■ ABOUT THIS TASK ■
Don't include pictures. Quote the lines below from the first through the line that contains "무료로 제공하고 있습니다.".

Data records:
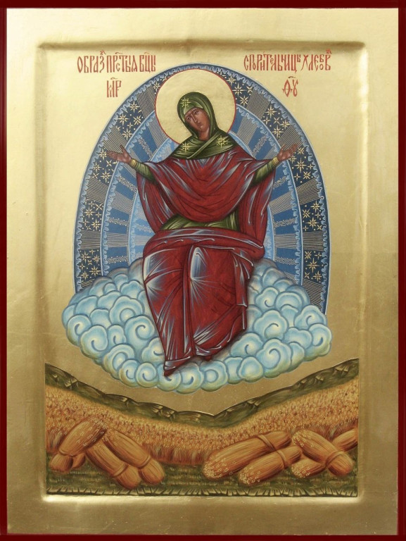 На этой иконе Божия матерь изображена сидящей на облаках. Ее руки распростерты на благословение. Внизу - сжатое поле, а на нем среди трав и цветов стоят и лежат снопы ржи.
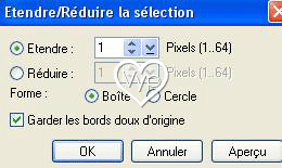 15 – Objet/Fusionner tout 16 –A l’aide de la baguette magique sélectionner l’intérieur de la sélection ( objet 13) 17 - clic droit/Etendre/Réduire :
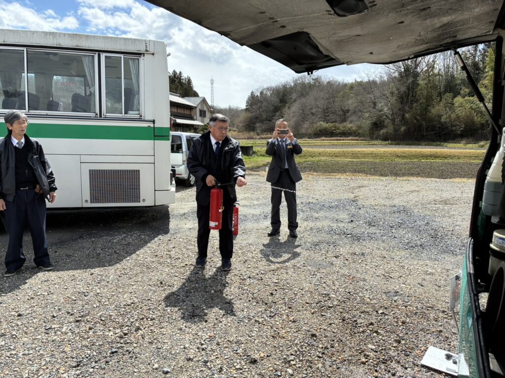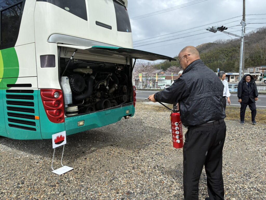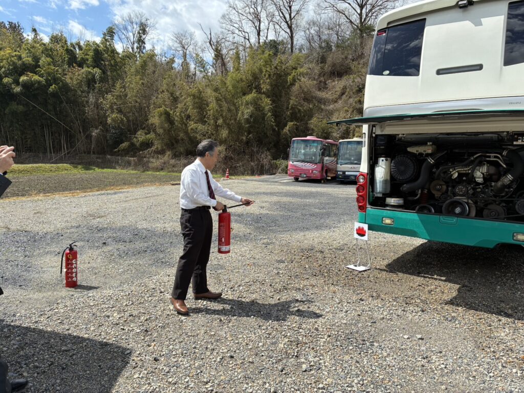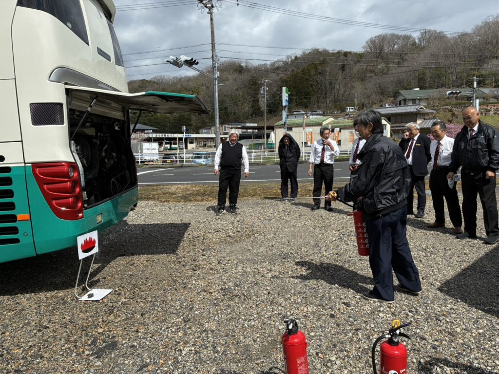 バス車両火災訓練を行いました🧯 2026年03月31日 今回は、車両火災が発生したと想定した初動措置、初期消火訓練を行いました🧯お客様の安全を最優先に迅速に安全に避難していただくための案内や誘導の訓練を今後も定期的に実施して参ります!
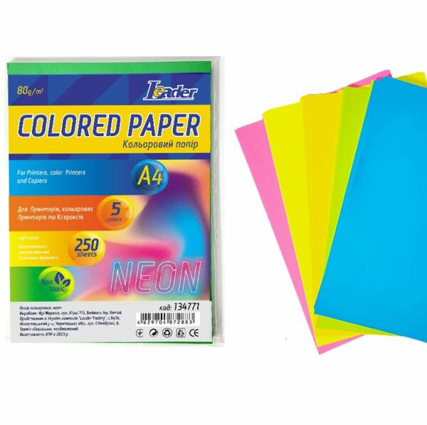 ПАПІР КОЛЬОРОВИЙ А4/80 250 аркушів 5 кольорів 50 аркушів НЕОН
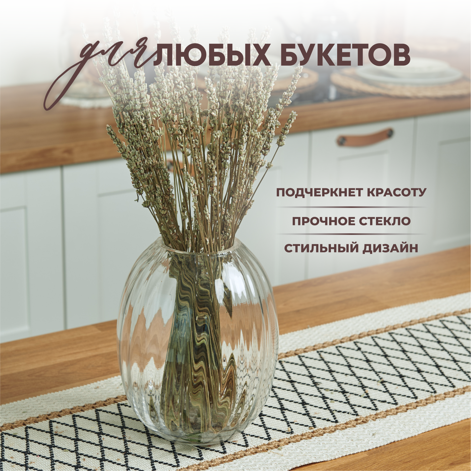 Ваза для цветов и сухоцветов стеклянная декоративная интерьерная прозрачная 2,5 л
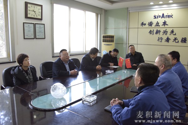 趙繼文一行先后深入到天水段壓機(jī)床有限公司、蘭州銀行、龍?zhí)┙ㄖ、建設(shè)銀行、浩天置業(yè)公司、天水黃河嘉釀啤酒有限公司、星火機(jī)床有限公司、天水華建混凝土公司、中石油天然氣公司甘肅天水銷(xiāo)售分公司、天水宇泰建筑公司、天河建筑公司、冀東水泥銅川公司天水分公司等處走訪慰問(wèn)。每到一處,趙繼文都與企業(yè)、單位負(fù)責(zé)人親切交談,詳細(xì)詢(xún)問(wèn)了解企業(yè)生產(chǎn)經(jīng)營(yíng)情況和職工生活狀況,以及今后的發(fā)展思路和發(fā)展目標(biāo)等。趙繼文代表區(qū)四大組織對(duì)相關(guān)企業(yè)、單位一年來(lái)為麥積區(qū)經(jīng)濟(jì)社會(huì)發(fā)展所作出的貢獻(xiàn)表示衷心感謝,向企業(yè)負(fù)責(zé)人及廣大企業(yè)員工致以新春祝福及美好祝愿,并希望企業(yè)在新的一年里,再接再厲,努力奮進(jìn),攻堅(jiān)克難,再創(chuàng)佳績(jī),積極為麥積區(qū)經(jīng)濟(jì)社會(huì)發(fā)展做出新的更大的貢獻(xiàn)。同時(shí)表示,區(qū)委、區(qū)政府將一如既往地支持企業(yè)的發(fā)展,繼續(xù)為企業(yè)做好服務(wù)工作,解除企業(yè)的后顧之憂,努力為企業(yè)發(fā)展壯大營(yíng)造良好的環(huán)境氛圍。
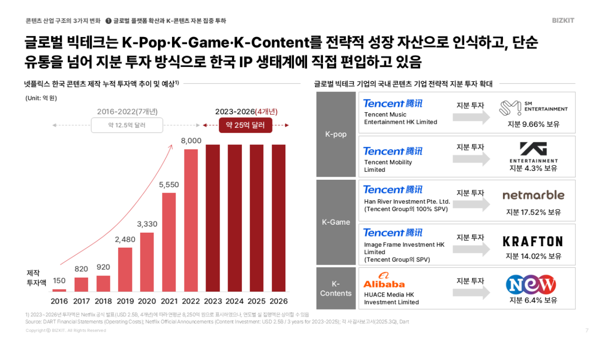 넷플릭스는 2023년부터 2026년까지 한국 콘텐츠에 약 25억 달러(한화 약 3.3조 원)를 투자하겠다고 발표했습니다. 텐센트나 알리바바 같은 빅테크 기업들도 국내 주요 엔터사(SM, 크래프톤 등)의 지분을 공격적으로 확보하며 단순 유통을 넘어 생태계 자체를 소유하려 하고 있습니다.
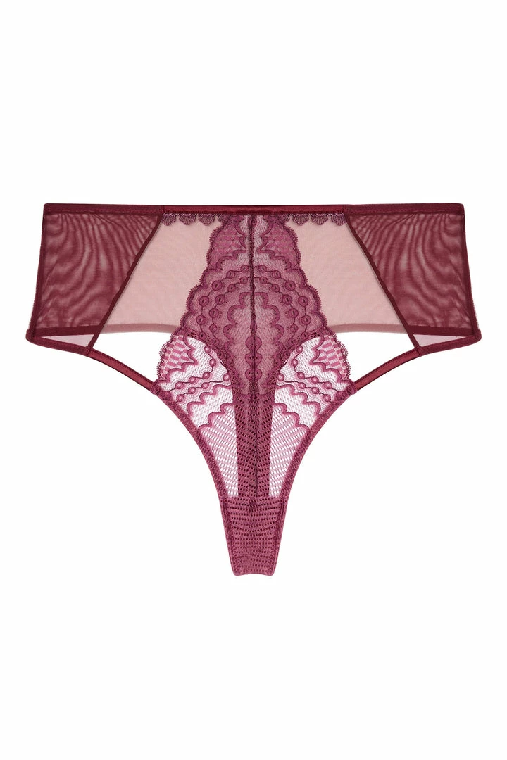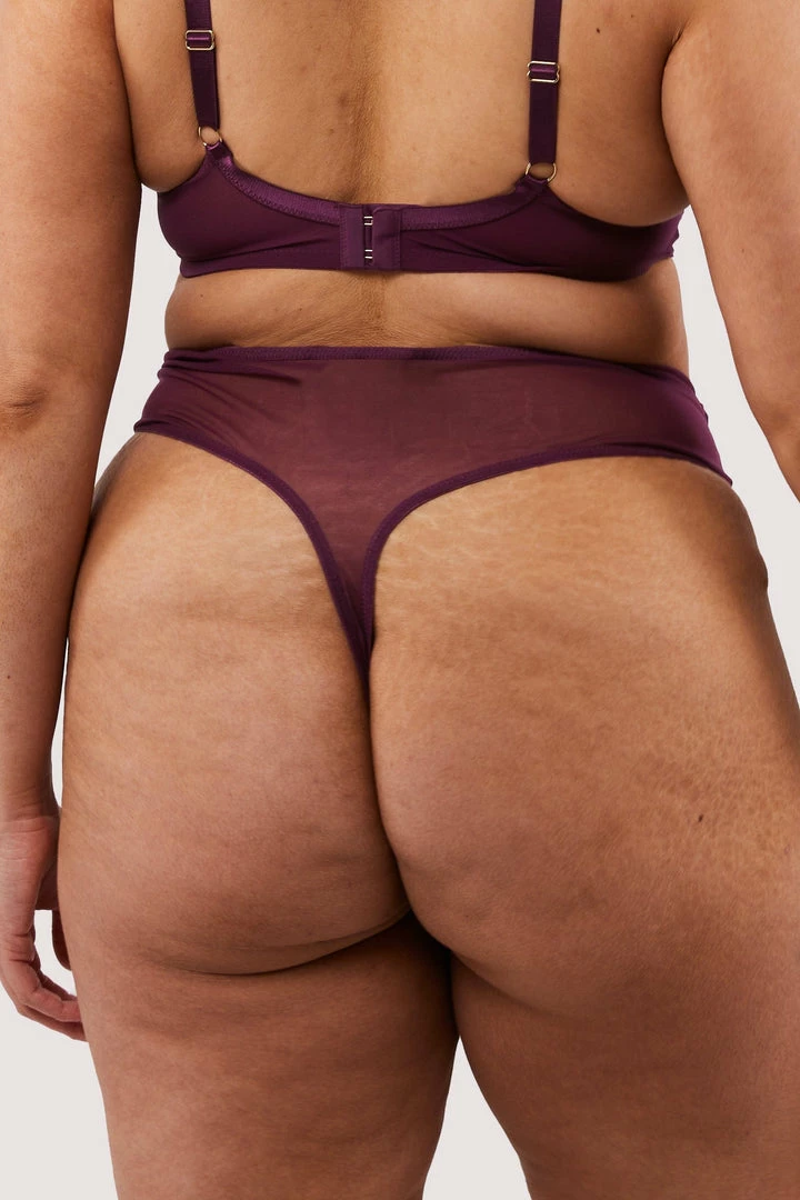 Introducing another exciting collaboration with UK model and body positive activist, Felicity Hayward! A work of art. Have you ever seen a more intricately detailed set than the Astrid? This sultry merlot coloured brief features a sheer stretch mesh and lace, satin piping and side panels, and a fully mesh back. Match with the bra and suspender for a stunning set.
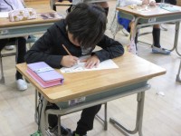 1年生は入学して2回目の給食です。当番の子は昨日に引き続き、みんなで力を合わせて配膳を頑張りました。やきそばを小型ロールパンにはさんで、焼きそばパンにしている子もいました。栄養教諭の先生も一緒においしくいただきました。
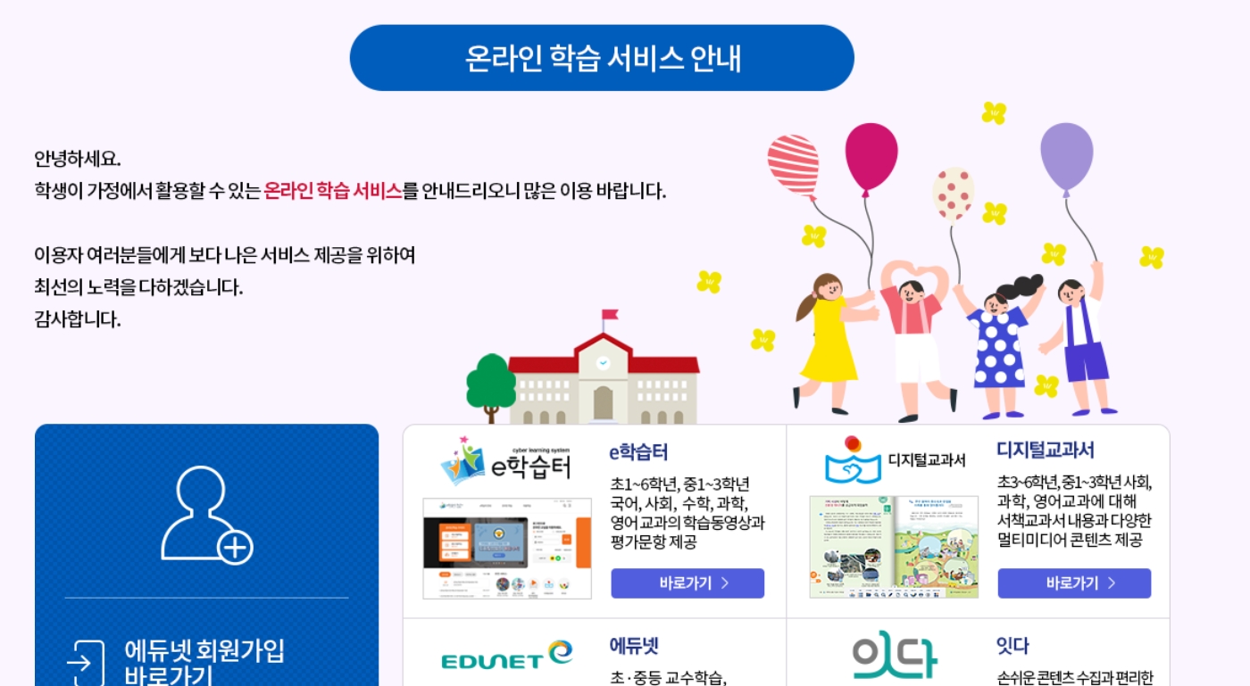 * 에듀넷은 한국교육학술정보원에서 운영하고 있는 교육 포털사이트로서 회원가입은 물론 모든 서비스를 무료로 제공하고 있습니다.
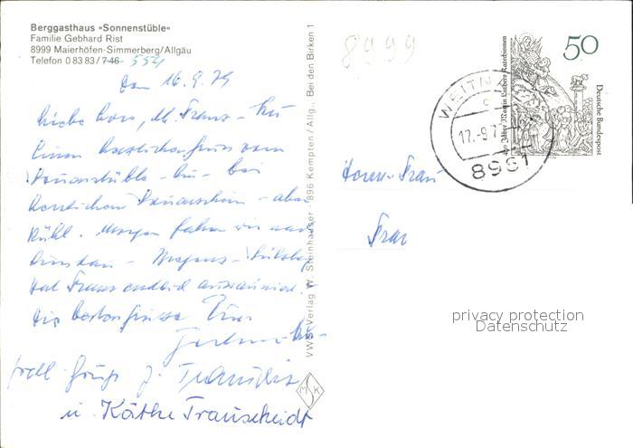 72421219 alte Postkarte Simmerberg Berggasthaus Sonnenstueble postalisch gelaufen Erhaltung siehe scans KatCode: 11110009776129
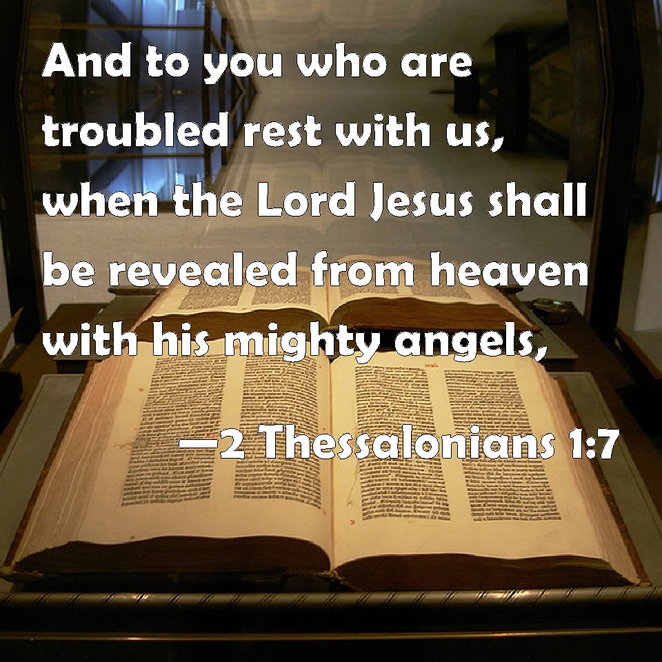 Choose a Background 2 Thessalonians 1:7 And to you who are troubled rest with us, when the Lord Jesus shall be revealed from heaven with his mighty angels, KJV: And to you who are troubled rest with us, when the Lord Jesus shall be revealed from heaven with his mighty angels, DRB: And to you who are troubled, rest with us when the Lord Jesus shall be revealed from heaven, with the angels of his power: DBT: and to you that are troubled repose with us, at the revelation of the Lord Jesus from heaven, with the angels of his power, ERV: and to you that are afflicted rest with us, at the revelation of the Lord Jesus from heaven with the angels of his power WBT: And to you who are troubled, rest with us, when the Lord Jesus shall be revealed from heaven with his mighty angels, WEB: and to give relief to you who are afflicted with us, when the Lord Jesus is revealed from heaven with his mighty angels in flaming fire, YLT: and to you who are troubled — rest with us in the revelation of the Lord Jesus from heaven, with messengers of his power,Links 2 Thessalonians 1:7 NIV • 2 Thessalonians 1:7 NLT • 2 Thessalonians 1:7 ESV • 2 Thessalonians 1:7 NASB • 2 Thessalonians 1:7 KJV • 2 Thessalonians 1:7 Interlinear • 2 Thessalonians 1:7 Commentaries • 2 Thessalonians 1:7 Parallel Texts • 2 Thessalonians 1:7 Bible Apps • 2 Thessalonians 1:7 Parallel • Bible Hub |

■ ANSWER BOX ■
 На этой иконе Божия матерь изображена сидящей на облаках. Ее руки распростерты на благословение. Внизу - сжатое поле, а на нем среди трав и цветов стоят и лежат снопы ржи.
 15 – Objet/Fusionner tout 16 –A l’aide de la baguette magique sélectionner l’intérieur de la sélection ( objet 13) 17 - clic droit/Etendre/Réduire :
 バス車両火災訓練を行いました🧯 2026年03月31日 今回は、車両火災が発生したと想定した初動措置、初期消火訓練を行いました🧯お客様の安全を最優先に迅速に安全に避難していただくための案内や誘導の訓練を今後も定期的に実施して参ります!
 ПАПІР КОЛЬОРОВИЙ А4/80 250 аркушів 5 кольорів 50 аркушів НЕОН
 Ваза для цветов и сухоцветов стеклянная декоративная интерьерная прозрачная 2,5 л
 趙繼文一行先后深入到天水段壓機(jī)床有限公司、蘭州銀行、龍?zhí)┙ㄖ、建設(shè)銀行、浩天置業(yè)公司、天水黃河嘉釀啤酒有限公司、星火機(jī)床有限公司、天水華建混凝土公司、中石油天然氣公司甘肅天水銷(xiāo)售分公司、天水宇泰建筑公司、天河建筑公司、冀東水泥銅川公司天水分公司等處走訪慰問(wèn)。每到一處,趙繼文都與企業(yè)、單位負(fù)責(zé)人親切交談,詳細(xì)詢(xún)問(wèn)了解企業(yè)生產(chǎn)經(jīng)營(yíng)情況和職工生活狀況,以及今后的發(fā)展思路和發(fā)展目標(biāo)等。趙繼文代表區(qū)四大組織對(duì)相關(guān)企業(yè)、單位一年來(lái)為麥積區(qū)經(jīng)濟(jì)社會(huì)發(fā)展所作出的貢獻(xiàn)表示衷心感謝,向企業(yè)負(fù)責(zé)人及廣大企業(yè)員工致以新春祝福及美好祝愿,并希望企業(yè)在新的一年里,再接再厲,努力奮進(jìn),攻堅(jiān)克難,再創(chuàng)佳績(jī),積極為麥積區(qū)經(jīng)濟(jì)社會(huì)發(fā)展做出新的更大的貢獻(xiàn)。同時(shí)表示,區(qū)委、區(qū)政府將一如既往地支持企業(yè)的發(fā)展,繼續(xù)為企業(yè)做好服務(wù)工作,解除企業(yè)的后顧之憂,努力為企業(yè)發(fā)展壯大營(yíng)造良好的環(huán)境氛圍。
 넷플릭스는 2023년부터 2026년까지 한국 콘텐츠에 약 25억 달러(한화 약 3.3조 원)를 투자하겠다고 발표했습니다. 텐센트나 알리바바 같은 빅테크 기업들도 국내 주요 엔터사(SM, 크래프톤 등)의 지분을 공격적으로 확보하며 단순 유통을 넘어 생태계 자체를 소유하려 하고 있습니다.
 Introducing another exciting collaboration with UK model and body positive activist, Felicity Hayward! A work of art. Have you ever seen a more intricately detailed set than the Astrid? This sultry merlot coloured brief features a sheer stretch mesh and lace, satin piping and side panels, and a fully mesh back. Match with the bra and suspender for a stunning set.
 1年生は入学して2回目の給食です。当番の子は昨日に引き続き、みんなで力を合わせて配膳を頑張りました。やきそばを小型ロールパンにはさんで、焼きそばパンにしている子もいました。栄養教諭の先生も一緒においしくいただきました。
 * 에듀넷은 한국교육학술정보원에서 운영하고 있는 교육 포털사이트로서 회원가입은 물론 모든 서비스를 무료로 제공하고 있습니다.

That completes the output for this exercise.